━━━ Extracted data
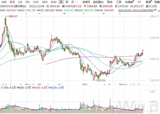 茅台股价重新站上2000元。截至12月8日收盘,贵州茅台大涨4.45%,报收于2043元,这是继今年7月21日之后,时隔近5个月股价重回2000元以上。
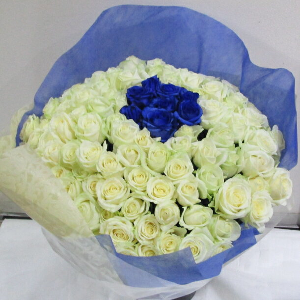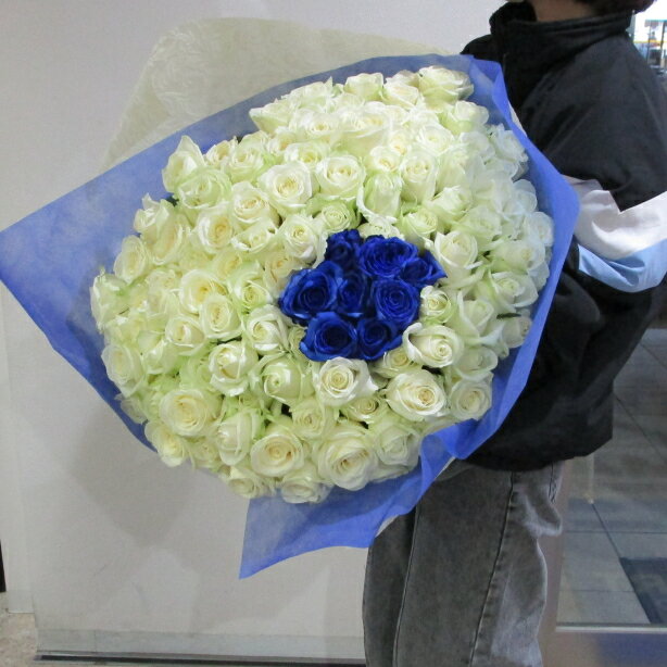 バラの花束/白バラとブルーローズ108本の花束 【プロポーズにおすすめ】ブルーローズ8本、白バラ100本
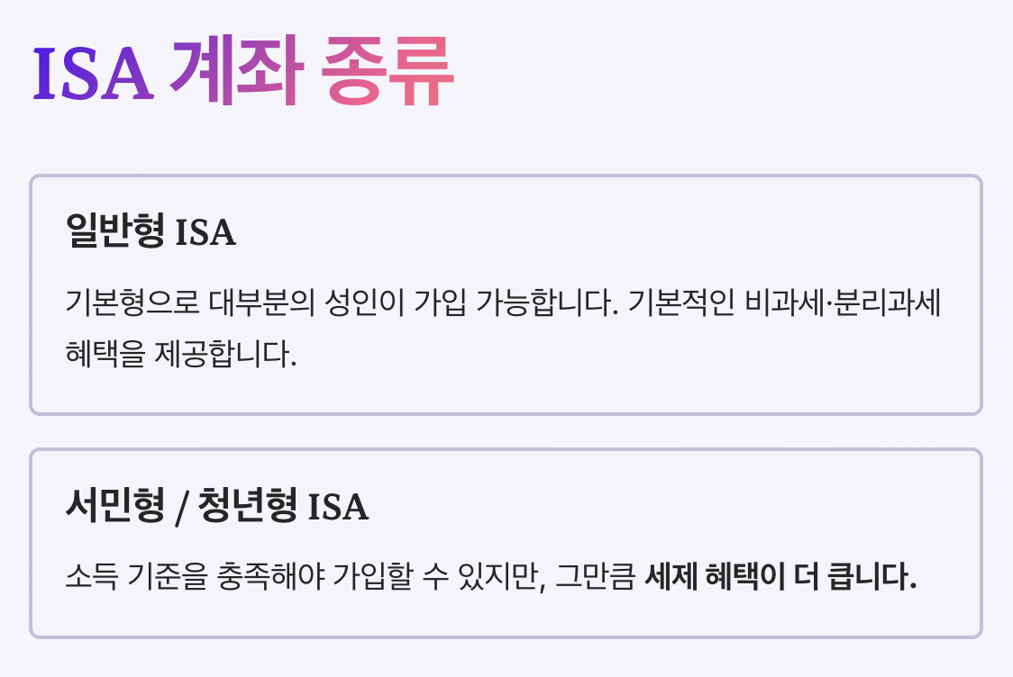 | 일반형 ISA | 기본형, 대부분 가입 가능 |
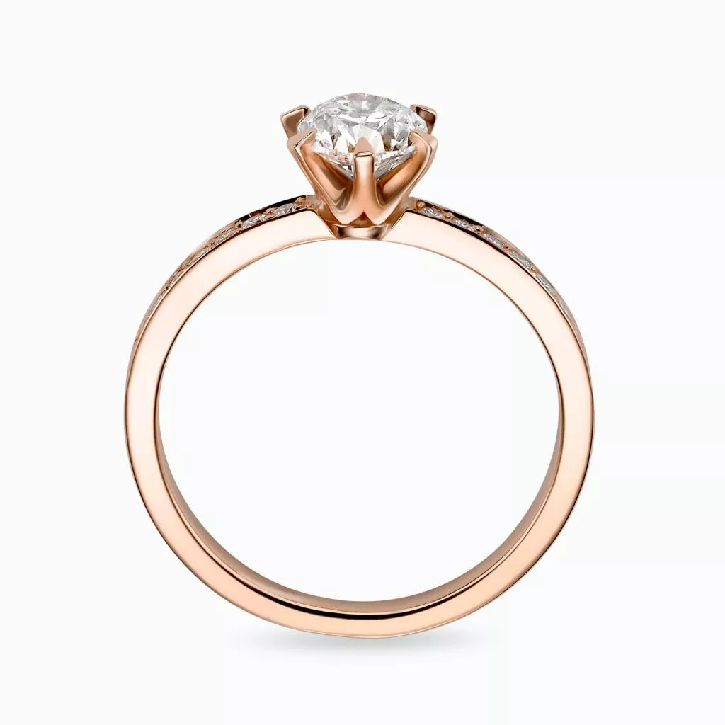 A ring, 14K gold, with a center round cut diamond starting from 0.50 Ct. with Diamonds setting
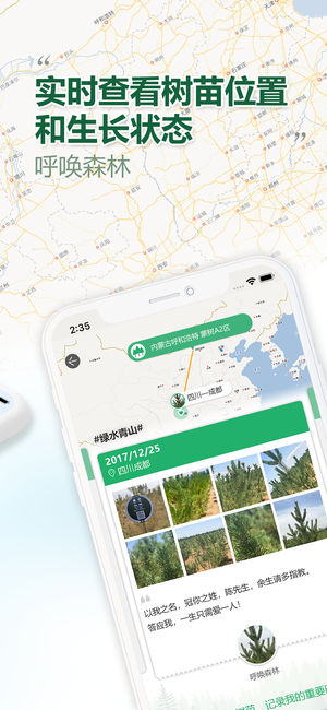 呼唤森林app连接用户、企业和林业机构,以“树木”为核心,通过树木认领、树木赠送、树木分享、树木环保信息等功能,帮助用户在地球的某一角落种植一棵属于自己的树。用户可以查看树木的真实照片、地理位置,以及固碳量、固土、排氧量等数据,用植树的方式来记录每一个重要的时刻。
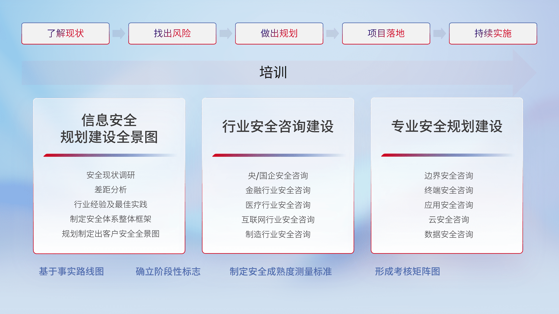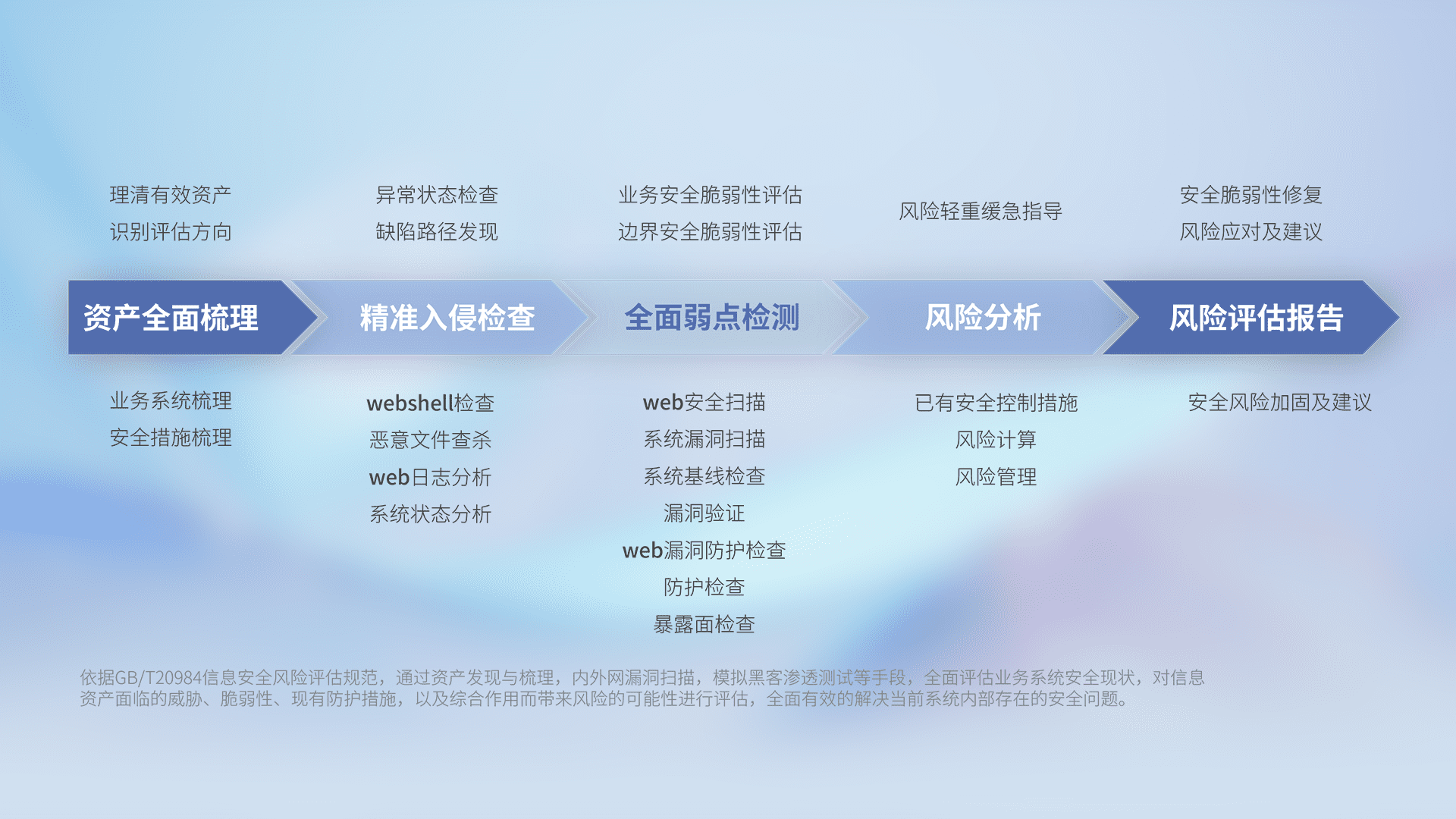 针对客户行业特性,,,,以专业的安全服务+多厂商联合解决方案提供专属的一站式安全管理服务,,,帮助客户全面感知网络空间威胁,,,,基于识别、、、、检测、、分析、、防护、、、、监测、、、响应的服务理论模型,,,从方案咨询、、、、集成交付、、评估验证、、优化加固、、、、运维运营,,,,致力于为客户提供完整的闭环管理式安全服务。。。。以实战经验为客户打造高抵御风险的安全体系,,,,帮助客户发现威胁、、、对抗威胁、、处置威胁,,,,不断积累安全对抗能力,,持续保障数字化安全。。。。
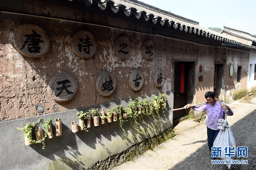 10月24日,班竹村一名老人挑货走在村内的道路上。新华社记者韩传号摄
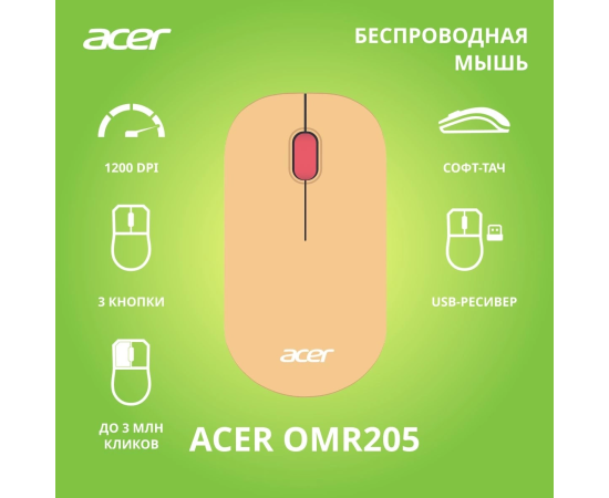 Мышь Acer OMR205 розовый/бежевый оптическая (1200dpi) беспроводная USB для ноутбука (2but)
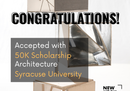 Congratulations ! Our student in the Art College Portfolio Prep course has been accepted to Syracuse University‘s Bachelor’s Architecture program with scholarships of $50K! Having grown up in two different cultures, the student was interested in how architecture could be influenced by geography and culture. The portfolio shows a good mix of sculpture, architecture drawing, […]
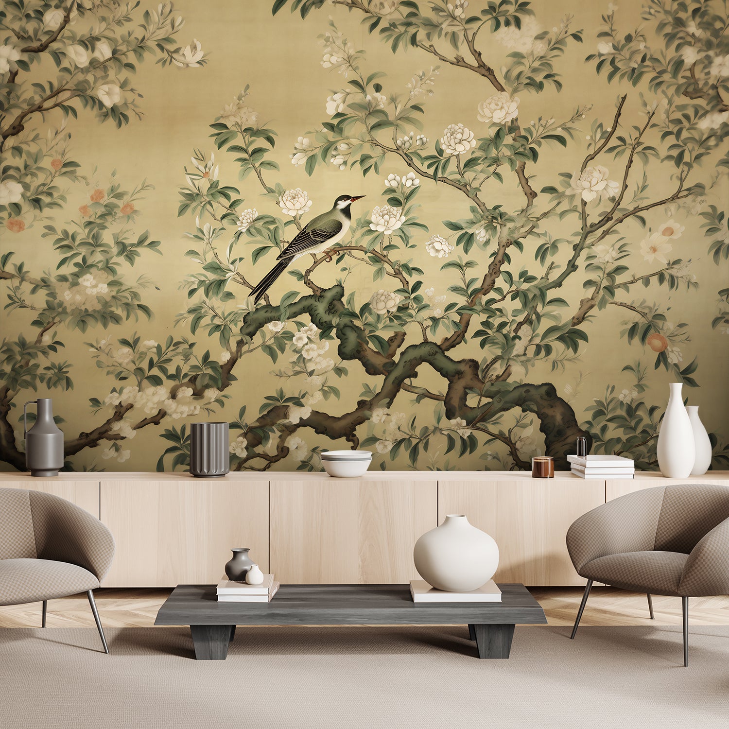 Wallpaper, Bird Abstract Chinoiserie
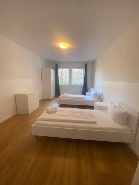 Big apartment in the city center. The apartment is fully equipped with 3 bedrooms. Max occupancy 4/6 persons. The first forniture of towels and bed linen are also included. The big flat has also as common area, one bathroom with bathtube, one big dining room with kitchen. The area is in Mitte close to Postdamerplatz and Brandenburger Gate. The bis shopping center Mall of Berlin is only 300 meter far away. Dieses schöne und geräumige 4 Zimmer Apartment mitten in Berlin ist perfekt für 4/6 Personen. Die Küche ist komplett ausgestattet mit allem was Sie zum Kochen benötigen. Im großem Wohnzimmer...
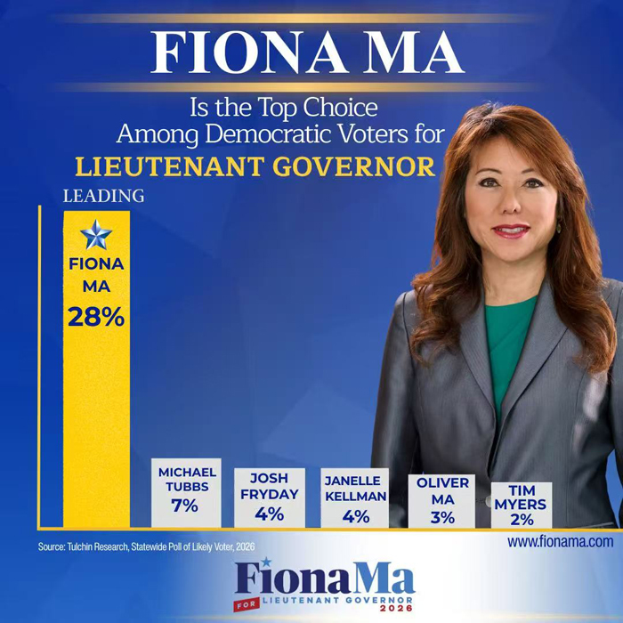 马世云(Fiona Ma)的副州长竞选已获得来自劳工组织、社区团体与民选官员持续增长的强力支持。她已赢得 30多个主要劳工工会背书,代表全州 超过300万名劳动者,涵盖建筑工会、医护人员、公职人员与服务业从业者等多个领域。
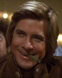 Lieutenant Starbuck of the Colonial Service, played by Dirk Benedict, is a fictional character in the 1978 science fiction television series Battlestar Galactica. Starbuck is a Viper starfighter pilot, gambler, womanizer and smoker of "fumerellos," or cigars. He is involved with Lieutenant Athena and socialator Cassiopeia, and best friend of Captain Apollo.
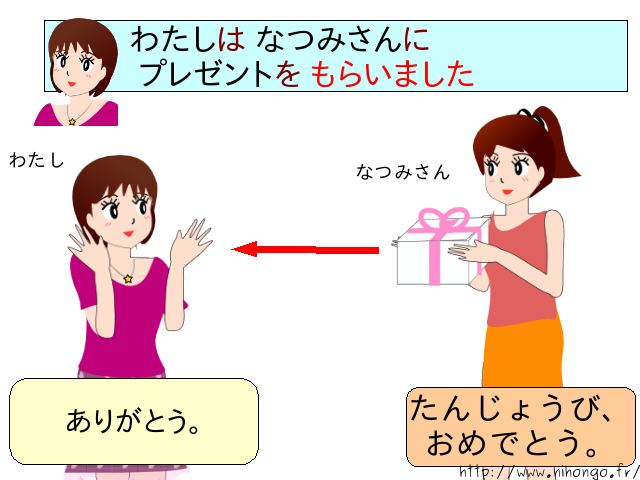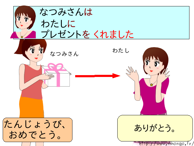 わたしは 夏美さんに 勉強を 教えてもらいました。
━━━━━━
## What is being asked
Could you repeat exactly the lines from the first one of the records above through the line containing "대부분 가입 가능 |", leaving out any pictures?

## Task solution
 茅台股价重新站上2000元。截至12月8日收盘,贵州茅台大涨4.45%,报收于2043元,这是继今年7月21日之后,时隔近5个月股价重回2000元以上。
 バラの花束/白バラとブルーローズ108本の花束 【プロポーズにおすすめ】ブルーローズ8本、白バラ100本
 | 일반형 ISA | 기본형, 대부분 가입 가능 |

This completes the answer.